Prepa accuses its regulator of excessive control
SAN JUAN – The Puerto Rico Electric Power Authority plans to formally solicit to restructure its debt through Title VI of Promesa by July 1, according to its fiscal plan, which also criticized its regulator, the Puerto Rico Energy Commission, for assuming extensive operating control of the utility and its budget even when approved by the Financial Oversight and Management Board or the government.
The utility complained about the PREC’s actions in the section of its fiscal plan where it discusses the new rate structure. The utility suggested that the PREC was exercising too much control over Prepa prolonging its ability to make changes and that it has challenged its decisions in court.
“PREC has allegedly assumed extensive operating control over PREPA, including areas where PREPA is implementing government policy or the approved government Fiscal Plan,” the document states. “There is no robust reconciliation process to address ongoing changes; rather, adjustments for changes require extraordinary action or PREC permission prolonging processes and timelines.”

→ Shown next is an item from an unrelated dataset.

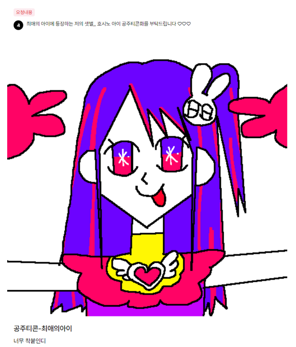 리퀘박스를 열었습니다! 여러분의 최애를 공주티콘화 시켜드립니다 :) 많은 관심 부탁 :) 합니다 :) (놀라울정도로그누구도관심을주지안앗다) spinspin.net/rude_147

“The PREC exercises jurisdiction over Prepa budgets even when approved by the FOMB and unduly impacts relevant timelines…. PREC has denied PREPA’s requests to reconsider its Order regarding some aspects of the annual rate update mechanism, including budgeting and rate adjustment timelines. PREPA has appealed such denial to the Puerto Rico Appeals Court and is in the process of developing a further regulatory strategy to address certain of these challenges,” the document adds.
The document certified by the oversight board Friday also discusses the restructuring support agreement (RSA) between Prepa and its creditors to restructure the $9 billion debt, whose terms were renegotiated recently.
The utility says it obtained $2.2 billion in debt-service savings from 2018 to 2022 as compared to contractual terms of debt. The new RSA provides for individual rate payer debt service charge savings of 36% for five years over the original RSA and allows Prepa to take steps to upgrade base maintenance, modernize the utility and attract capital.
“RSA is intended to accommodate a potential restructuring under Title III of PROMESA for the non-financial obligations and revisions to the RSA are currently being negotiated with the goal of being in a position to complete solicitation of Title VI process by July 1, 2017,” the document states.
Another highlight of the fiscal plan is it intends to limit Contribution or Payment in Lieu of Taxes (CILT). Currently, Prepa does not pay taxes to municipalities for its infrastructure in exchange for municipal tax exemption. However, the CILT was limited following the enactment of laws that placed caps on it.
The fiscal plan says Prepa intends to move of all the municipal public lighting to the power bills’s subsidies rider. It will also remove all municipal for-profit entities from receiving service credit from the CILT and establishing a total consumption, or kilowatt-hour, cap on the municipal CILT, which will be reduced by 15%, in three fiscal years or 5% each. The municipality will pay for any excess, plus the for-profit ventures. The CILT adjustment process itself, however, has not begun in full due to PREC regulations and implementation obstacles, in addition to issues presented by municipalities disputing the validity of the for-profit claim.
“Beyond this, PREPA has no authority to further reduce the CILT values. PREPA, under the new rate structure, will recover the cost of CILT via the CILT rider in customer bills. Any additional reductions or amendments would require legislation,” the document states.